Pictures aside, quote the whole listing exactly.

*** MATERIAL PROVIDED ***

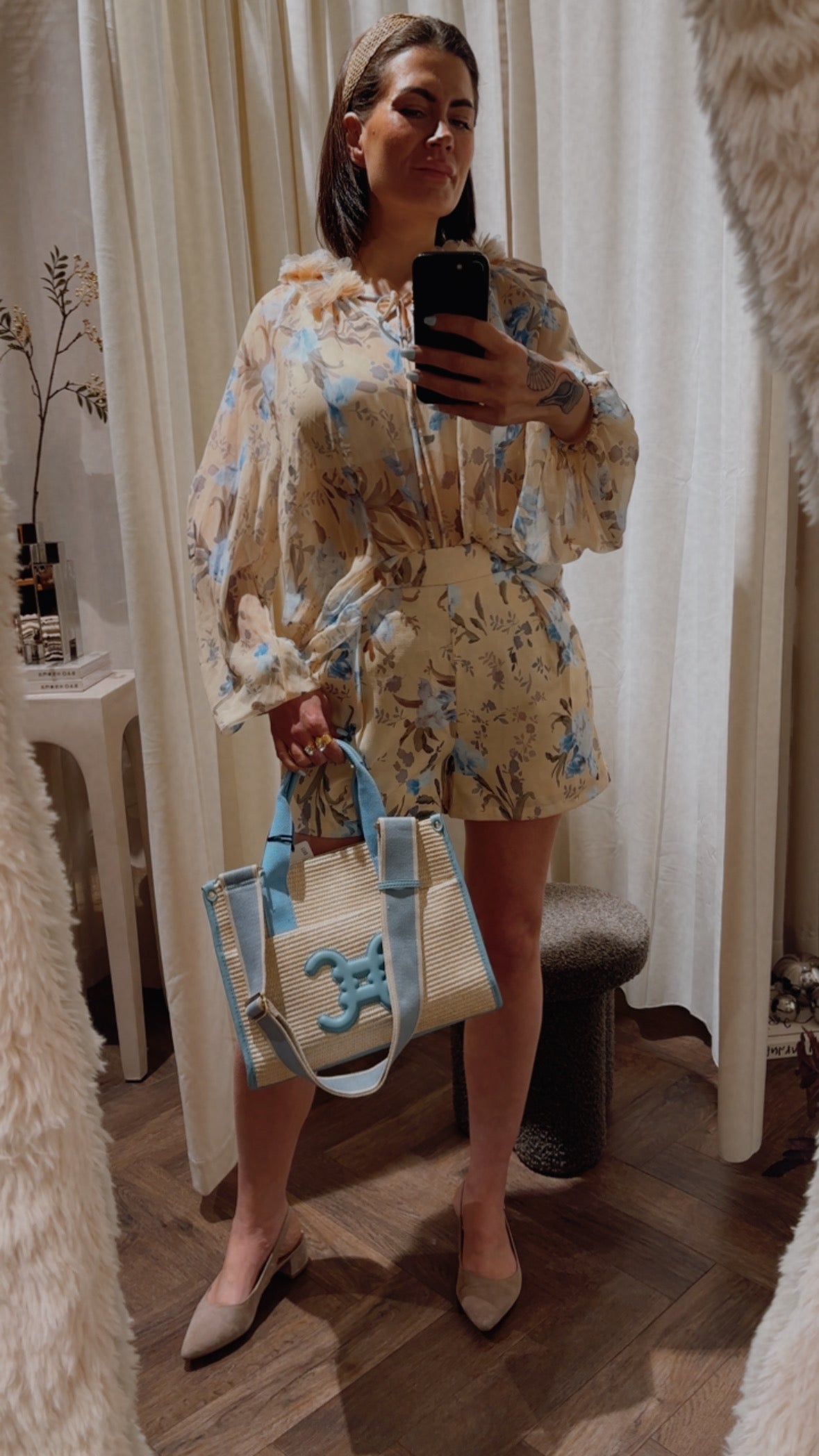 Blusen har vackra blomdetaljer runt krage och snören med knyt sas och är i ett härligt material. Resår i ärmsslut som gör att blusen enkelt går att dra upp. Det finns shorts i samma mönster som säljs separat. Detta set är designat i Frankrike. Blusen är normal rymligare i storlek. Composition: Cotton : 20%, Viscose : 80%
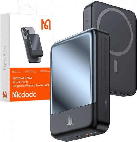 Vzemite zanesljivo energijo s seboj povsod. Magnetna powerbanka Mcdodo s kapaciteto 10000 mAh zmore vaš pametni telefon napolniti večkrat, pri čemer podpira tako brezžično MagSafe/qi polnjenje do 15 W kot tudi hitro žično USB‑C polnjenje do 30 W. Kompaktno ohišje, površina odporna proti odtisom in pregledni LED‑indikatorji jo delajo odličnega sopotnika na poti.
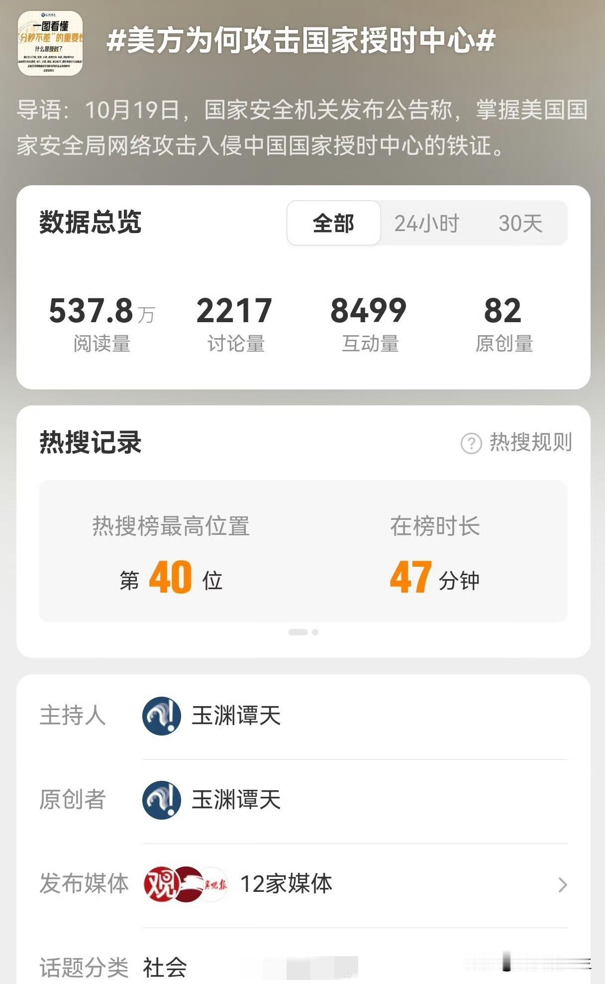 利用手机漏洞攻击国家关键基础设施还不如一个野人小孩的热度,我们的媒体都在关注什么? 10月19日央视报道的关于美国家安全局利用某手机漏洞攻击国家授时中心的新闻,只在热搜榜排到第40位,在榜时间仅仅47分钟,发布这条消息的媒体仅有12家。 看看今天的微博热搜榜,一个野人小孩的消息占据了热搜的前三位,除了野人小孩,还是野人小孩。一个外国攻击中国关键基础设施的新闻还不如一个野人小孩,看看我们的媒体都在干什么。
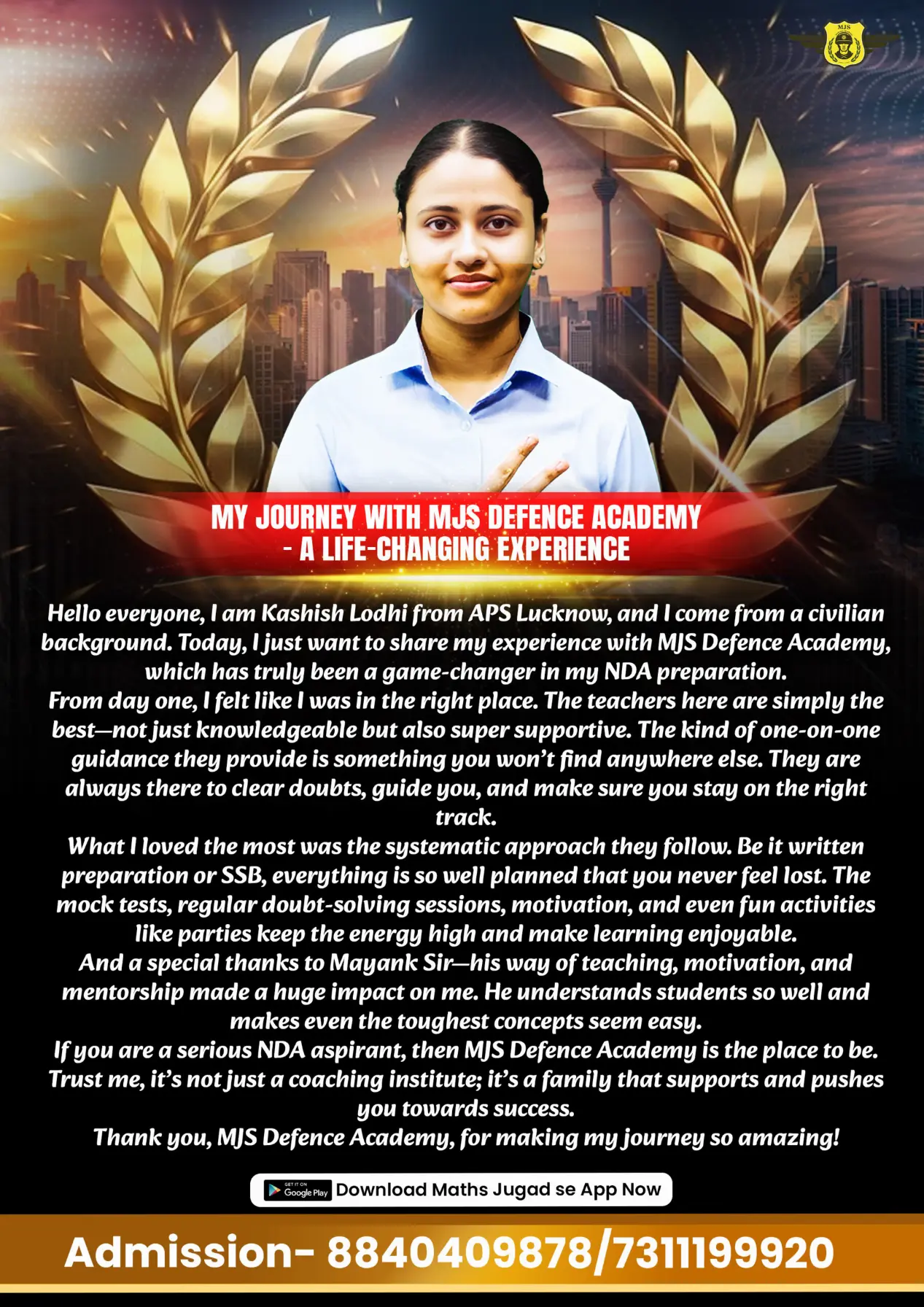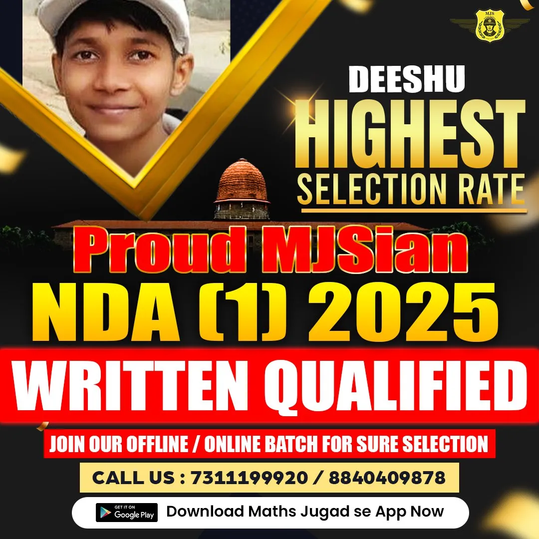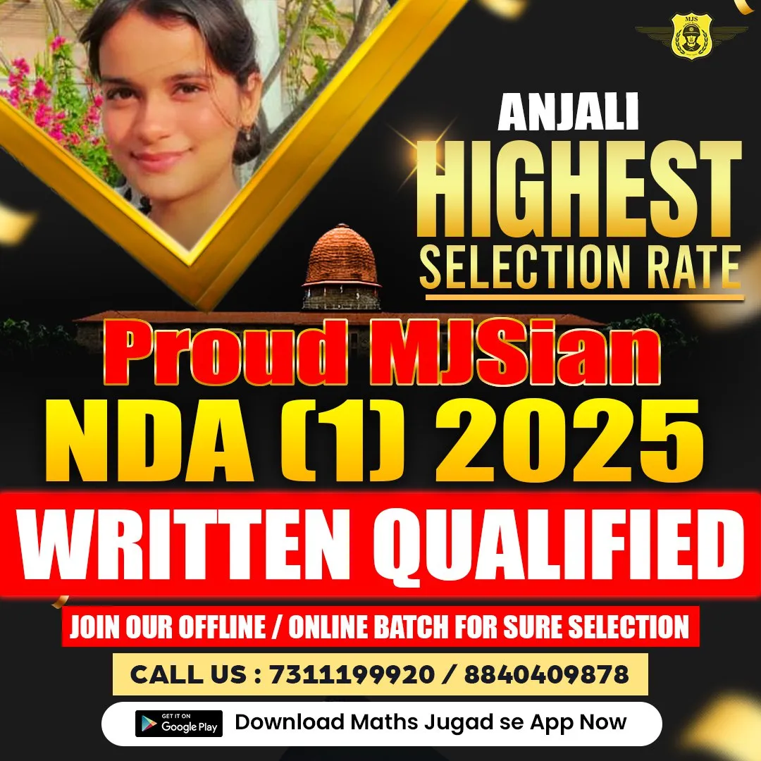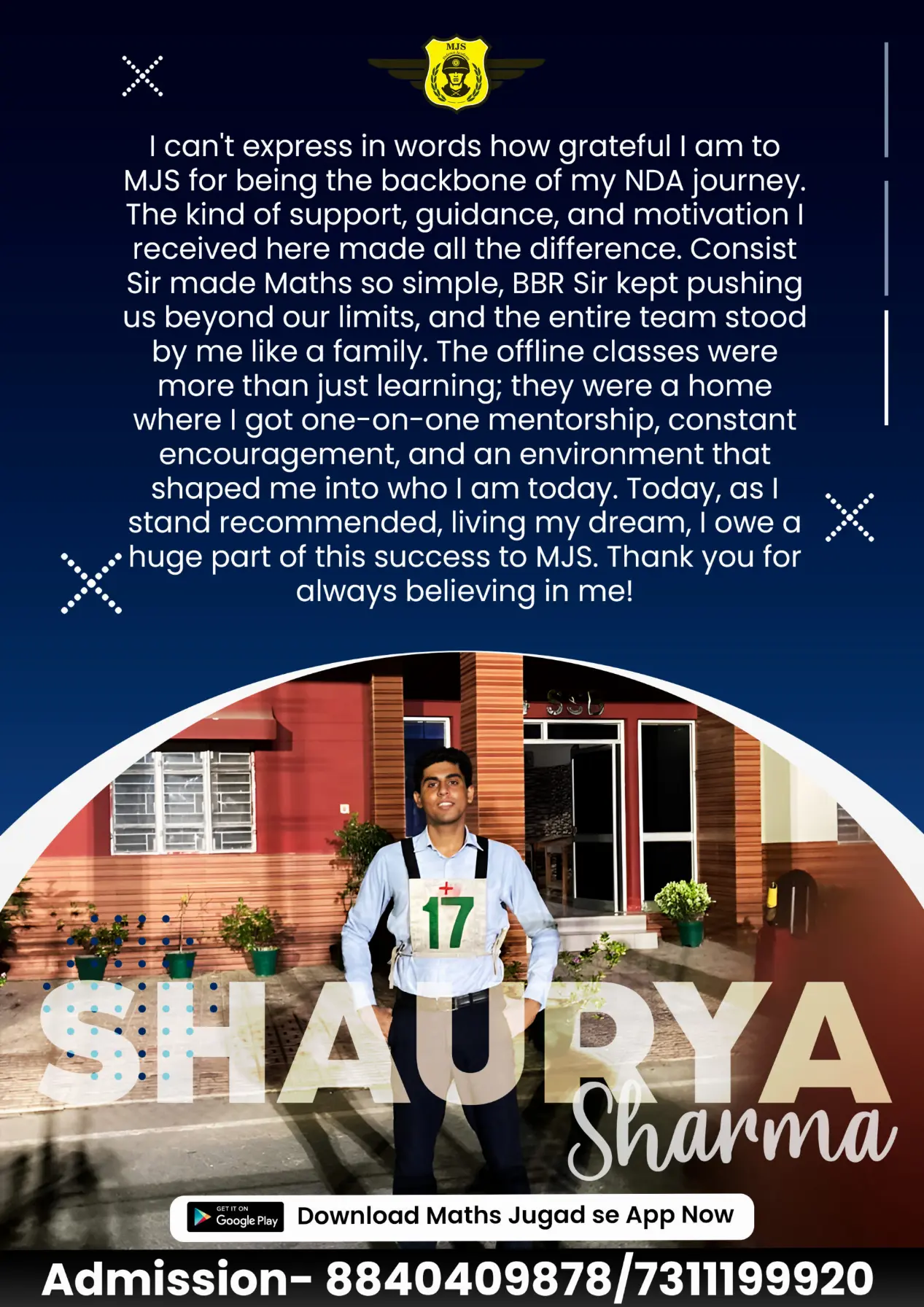 I cleared my NDA 2 2023 examination with the selfless support and love of all teachers of this academy. MJS is not a coaching , it's a family with full of love,joy and support for every individual defence aspirant.❤️❤️🙏🙏

***

▶ SOLUTION
 Blusen har vackra blomdetaljer runt krage och snören med knyt sas och är i ett härligt material. Resår i ärmsslut som gör att blusen enkelt går att dra upp. Det finns shorts i samma mönster som säljs separat. Detta set är designat i Frankrike. Blusen är normal rymligare i storlek. Composition: Cotton : 20%, Viscose : 80%
 Vzemite zanesljivo energijo s seboj povsod. Magnetna powerbanka Mcdodo s kapaciteto 10000 mAh zmore vaš pametni telefon napolniti večkrat, pri čemer podpira tako brezžično MagSafe/qi polnjenje do 15 W kot tudi hitro žično USB‑C polnjenje do 30 W. Kompaktno ohišje, površina odporna proti odtisom in pregledni LED‑indikatorji jo delajo odličnega sopotnika na poti.
 利用手机漏洞攻击国家关键基础设施还不如一个野人小孩的热度,我们的媒体都在关注什么? 10月19日央视报道的关于美国家安全局利用某手机漏洞攻击国家授时中心的新闻,只在热搜榜排到第40位,在榜时间仅仅47分钟,发布这条消息的媒体仅有12家。 看看今天的微博热搜榜,一个野人小孩的消息占据了热搜的前三位,除了野人小孩,还是野人小孩。一个外国攻击中国关键基础设施的新闻还不如一个野人小孩,看看我们的媒体都在干什么。
 I cleared my NDA 2 2023 examination with the selfless support and love of all teachers of this academy. MJS is not a coaching , it's a family with full of love,joy and support for every individual defence aspirant.❤️❤️🙏🙏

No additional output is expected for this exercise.